4. Prioritize parameter regions with small distances.

## Regressing effective likelihood

• Data are tuples $$(\theta_i, d_i)$$, where $$d_i = d(\mathbf{y}_\theta^{(i)}, \mathbf{y}_o)$$
• Model conditional distribution $$d \mid \theta$$
• Approximate likelihood function for some choice of $$\epsilon$$:

• $$\hat{L}(\theta) \propto \hat{P}(d\leq \epsilon \mid \theta)$$
• Choice of $$\epsilon$$ is delayed until the end, after the learning of the model.

### Regressing effective likelihood

• Fit a log Gaussian process (GP) to regress how the parameters affect the distances and use Bayesian optimization.
• Squared exponential covariance function
• Log transform because distances are non-negative
• Approach is not restricted to GPs

## Data acquisition

• Use Bayesian optimization to prioritize regions of $$\theta$$ where $$d$$ tends to be small.
• Sample $$\theta$$ from an adaptively constructed proposal distribution, e.g. the lower confidence bound acquisition function.
• $$\mathcal{A}_{t}(\theta)=\underbrace{\mu_{t}(\theta)}_{\text {post mean }}-\sqrt{\underbrace{\eta_{t}^{2}}_{\text {weight }} \underbrace{v_t(\theta)}_{\text {post var }}}$$, $$t$$: no. of samples acquired
• “We used the simple heuristic that $$\theta_{t+1}$$ is sampled from a Gaussian with diagonal covariance and mean equal to the minimizer of the acquisition function. The standard deviations were determined by finding the end-points of the interval where the acquisition function was within a certain (relative) tolerance.”
• Approach is not restricted to this acquisition function.
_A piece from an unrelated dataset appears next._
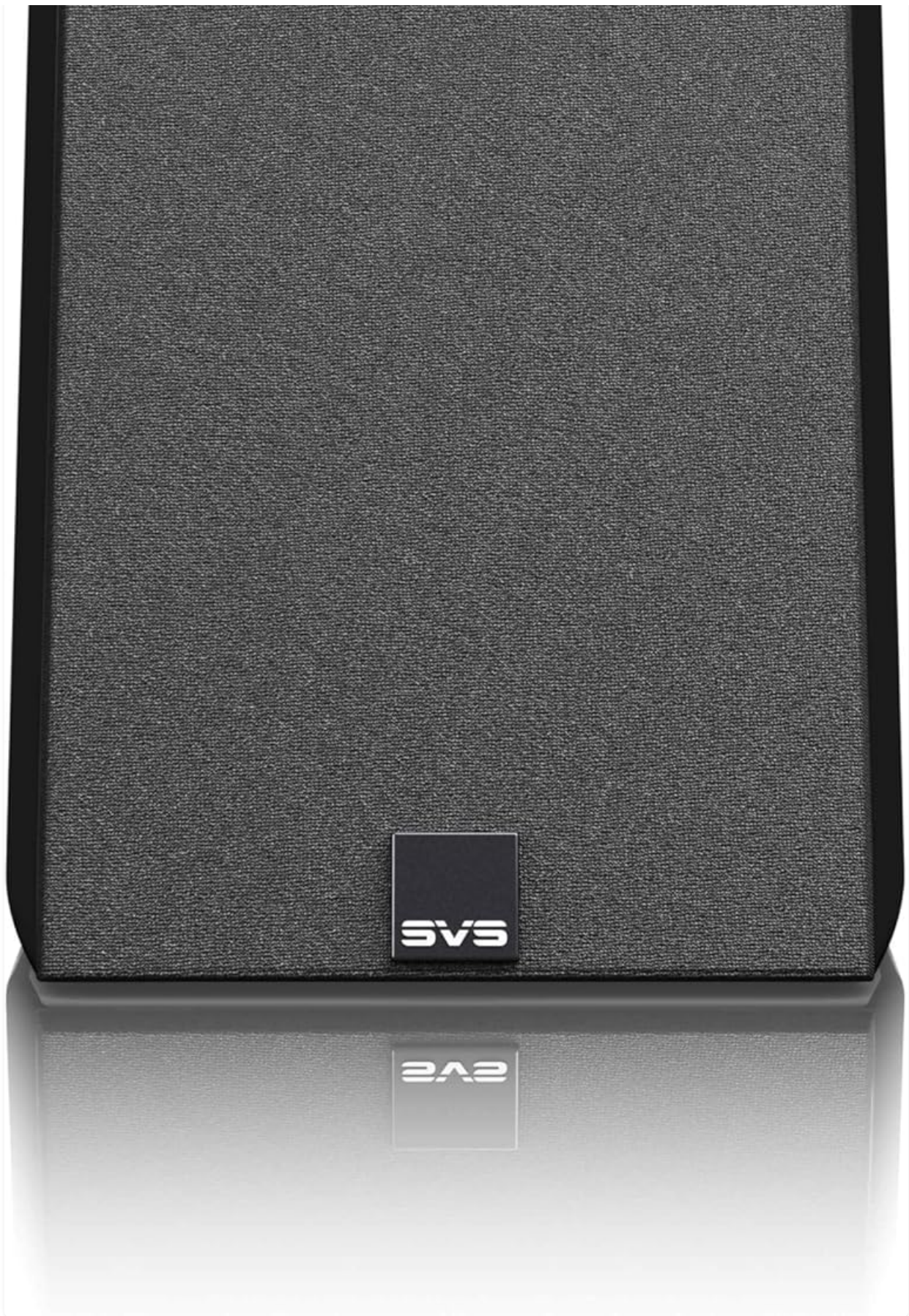
Figure 1: SVS Ultra Elevation Surround Speaker with magnetic grille attached.

### Bayesian optimization in action

Image from Leclerq:online

### Close the loop

Image from 10.1093/sysbio/syw077

• Exploration: where the uncertainty is high
• Exploitation: where posterior mean is smallest
• Use Bayes’ theorem to update the model in light of new data
• As opposed to usual applications of Bayesian optimization, here the objective function is highly stochastic.

## Results

• Roughly equal results with 1000x fewer simulations
• Monte Carlo ABC: 4.5 days with 300 cores
• BOLFI: 90 minutes with seven cores
• Data of bacterial infections in child care centers.
• Data generating process is defined via a latent continuous-time Markov chain and an observation model.
• “Developed by Numminen et a.l (2013) to infer transmission dynamics of bacterial infections in day care centers.”

### Figure 12

• Inference more efficient, far more comprehensive data analysis.
• Enables inference for e.g. models of evolution where simulating a single data set takes 12-24 hours.
• Enables investigation of model identifiability, or the influence of distance measure on likelihood function.
• We get an explicit construction of an approximate likelihood function, whereas with conventional ABC only had an implicit likelihood function.

## Further research

• Distance measures
• Acquisition function
• Efficient high-dimensional inference
• Use this advantage from Bayesian optimization

## Conclusion

BOLFI combines …

1. Statistical modeling (GP regression) of the distance between observed and simulated data
2. Decision making under uncertainty (Bayesian optimization).

…to increase efficiency of inference by several orders of magnitude.